MATERIAL SUPPLIED:
————————
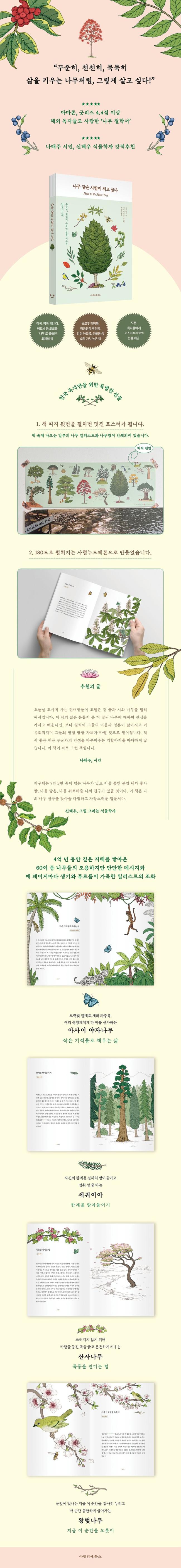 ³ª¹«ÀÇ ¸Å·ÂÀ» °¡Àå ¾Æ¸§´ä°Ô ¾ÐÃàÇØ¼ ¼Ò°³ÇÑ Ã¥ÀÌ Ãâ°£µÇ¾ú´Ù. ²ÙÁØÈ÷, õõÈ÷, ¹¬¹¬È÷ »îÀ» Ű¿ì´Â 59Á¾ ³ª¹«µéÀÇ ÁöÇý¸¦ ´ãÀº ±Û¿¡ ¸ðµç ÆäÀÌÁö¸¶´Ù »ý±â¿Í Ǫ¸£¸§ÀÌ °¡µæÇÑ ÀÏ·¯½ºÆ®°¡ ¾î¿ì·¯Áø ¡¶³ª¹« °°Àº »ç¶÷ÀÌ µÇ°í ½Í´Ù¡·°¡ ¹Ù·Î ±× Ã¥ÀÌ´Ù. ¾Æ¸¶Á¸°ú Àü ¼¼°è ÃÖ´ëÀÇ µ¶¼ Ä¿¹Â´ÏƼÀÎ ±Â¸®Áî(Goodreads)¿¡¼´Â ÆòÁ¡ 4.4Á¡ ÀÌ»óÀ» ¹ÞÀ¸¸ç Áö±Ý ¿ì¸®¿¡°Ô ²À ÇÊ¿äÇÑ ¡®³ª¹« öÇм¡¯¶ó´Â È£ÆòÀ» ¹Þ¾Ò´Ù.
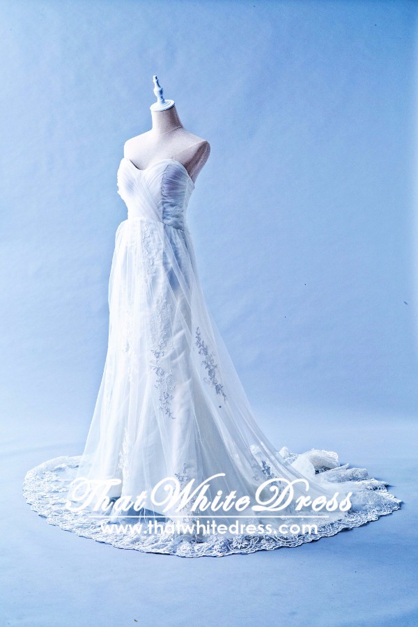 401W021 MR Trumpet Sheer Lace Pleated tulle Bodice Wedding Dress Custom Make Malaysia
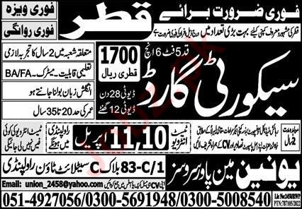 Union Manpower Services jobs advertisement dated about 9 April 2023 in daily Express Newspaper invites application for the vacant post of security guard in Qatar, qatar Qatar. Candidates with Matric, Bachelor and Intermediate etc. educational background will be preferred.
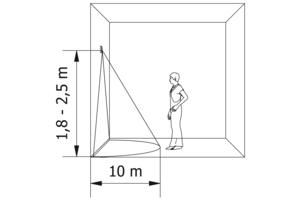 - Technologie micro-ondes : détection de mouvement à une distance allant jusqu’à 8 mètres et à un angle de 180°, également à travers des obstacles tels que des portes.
————————
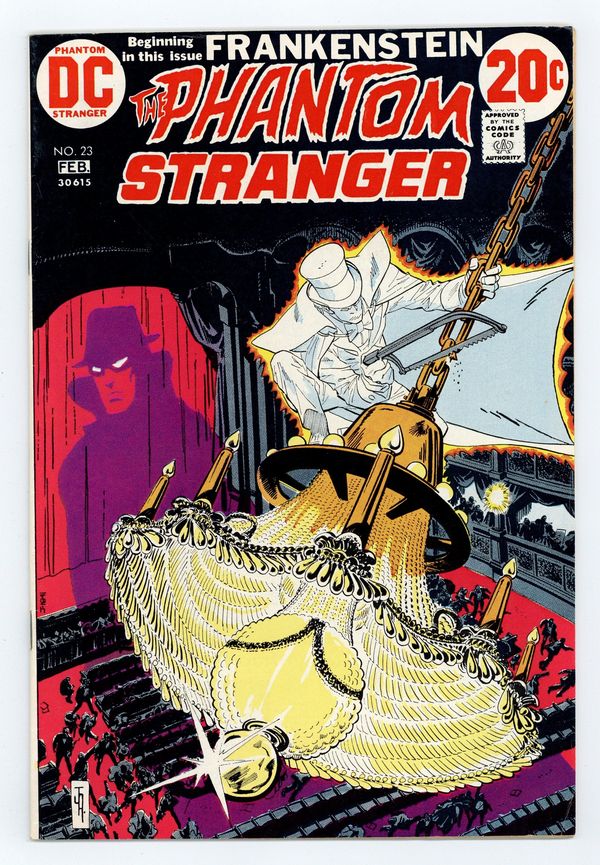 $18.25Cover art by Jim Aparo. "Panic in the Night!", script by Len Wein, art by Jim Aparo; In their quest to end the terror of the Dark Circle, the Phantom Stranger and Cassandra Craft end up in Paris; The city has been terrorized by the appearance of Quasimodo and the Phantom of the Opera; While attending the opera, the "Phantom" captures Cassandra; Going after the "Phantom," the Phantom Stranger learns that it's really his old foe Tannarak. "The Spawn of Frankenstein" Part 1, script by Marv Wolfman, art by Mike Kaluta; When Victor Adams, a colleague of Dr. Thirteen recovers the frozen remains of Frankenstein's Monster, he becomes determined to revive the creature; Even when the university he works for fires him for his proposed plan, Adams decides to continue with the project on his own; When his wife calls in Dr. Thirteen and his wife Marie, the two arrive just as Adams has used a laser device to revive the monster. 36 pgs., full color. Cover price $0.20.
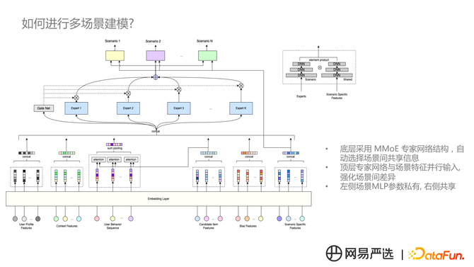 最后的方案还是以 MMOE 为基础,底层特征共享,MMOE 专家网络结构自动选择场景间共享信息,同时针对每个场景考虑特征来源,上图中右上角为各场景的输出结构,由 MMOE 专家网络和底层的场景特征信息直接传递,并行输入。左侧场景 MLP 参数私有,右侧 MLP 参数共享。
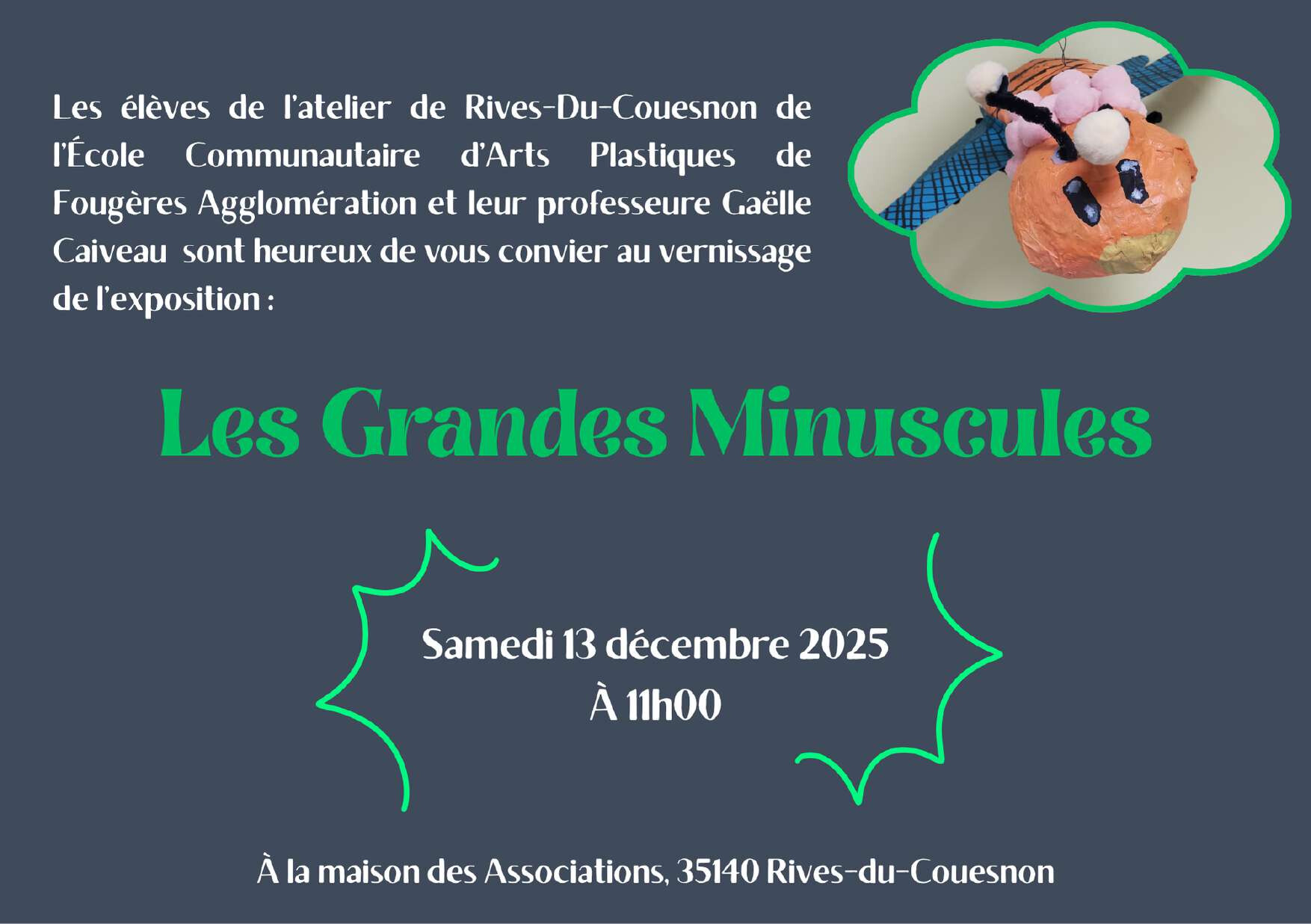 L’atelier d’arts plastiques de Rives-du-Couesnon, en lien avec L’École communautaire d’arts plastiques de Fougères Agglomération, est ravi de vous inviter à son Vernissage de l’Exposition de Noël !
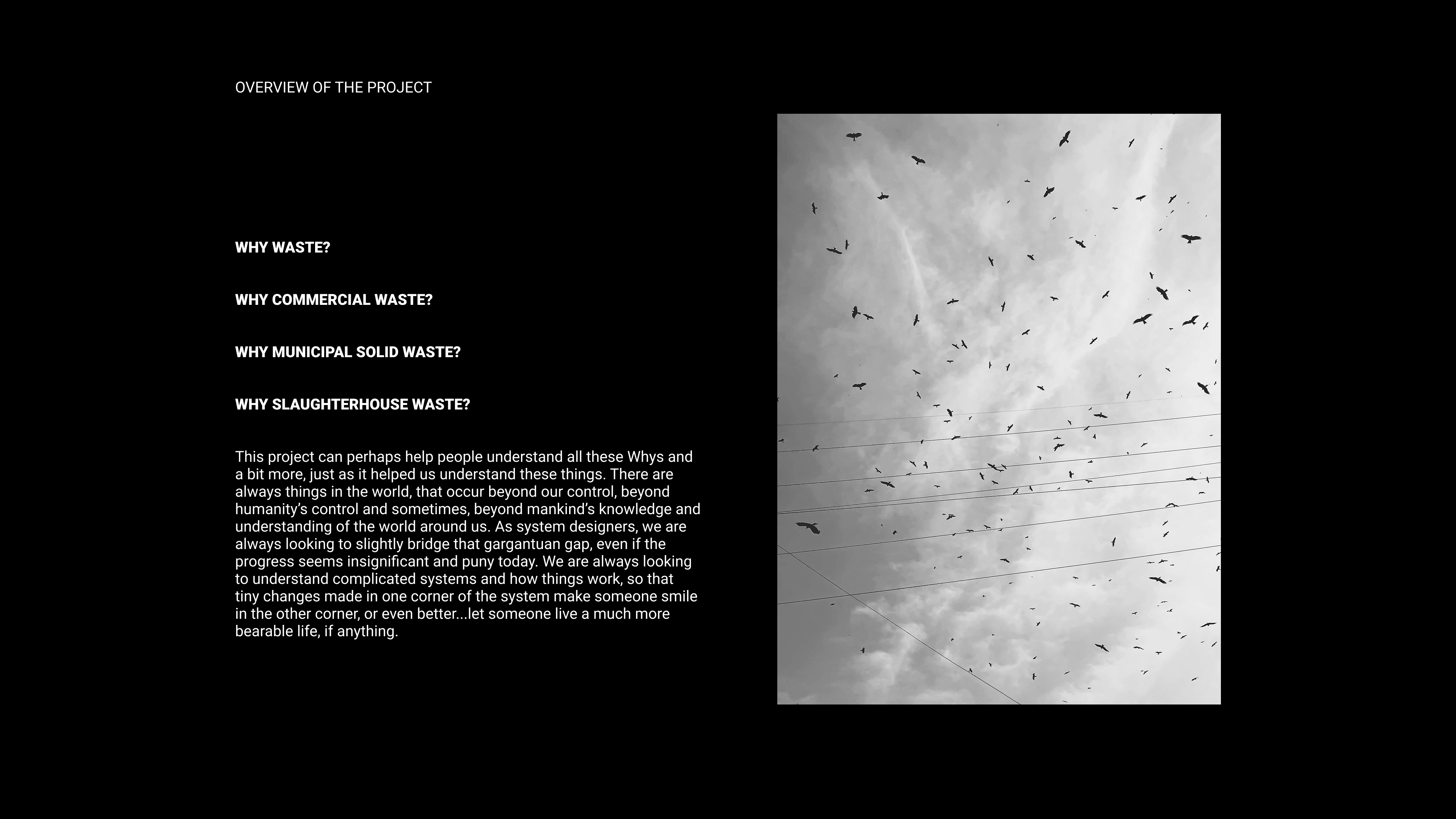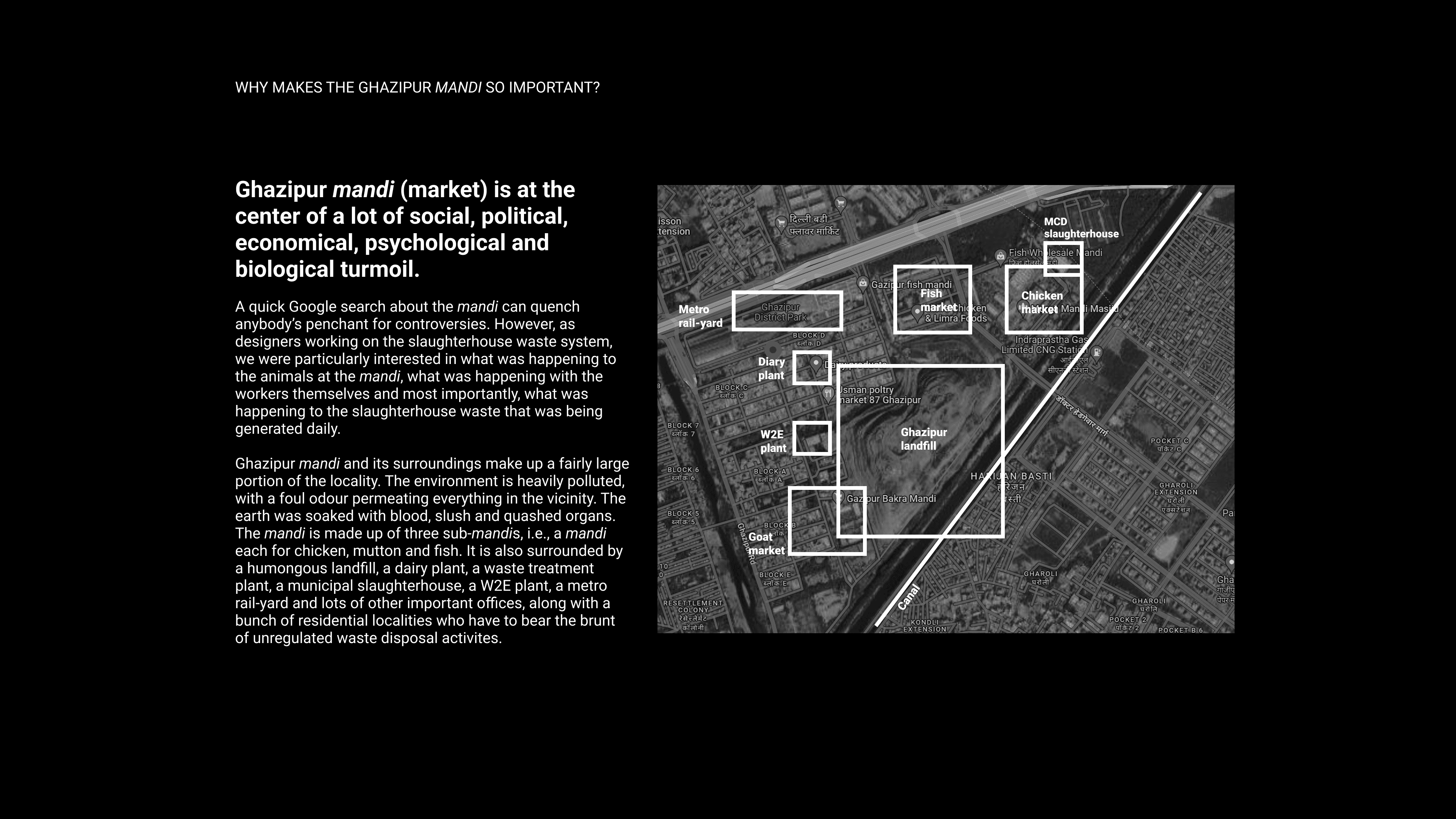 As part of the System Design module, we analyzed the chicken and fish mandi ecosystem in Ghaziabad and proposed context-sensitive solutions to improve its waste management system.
————————
WHAT THE EXERCISE ASKS: When copying from the data above, print only the lines from the line containing "401W021 MR Trumpet" to the line containing "- Technologie micro-ondes", exactly, and leave the pictures out.

ANSWER TO THIS EXERCISE:
 401W021 MR Trumpet Sheer Lace Pleated tulle Bodice Wedding Dress Custom Make Malaysia
 Union Manpower Services jobs advertisement dated about 9 April 2023 in daily Express Newspaper invites application for the vacant post of security guard in Qatar, qatar Qatar. Candidates with Matric, Bachelor and Intermediate etc. educational background will be preferred.
 - Technologie micro-ondes : détection de mouvement à une distance allant jusqu’à 8 mètres et à un angle de 180°, également à travers des obstacles tels que des portes.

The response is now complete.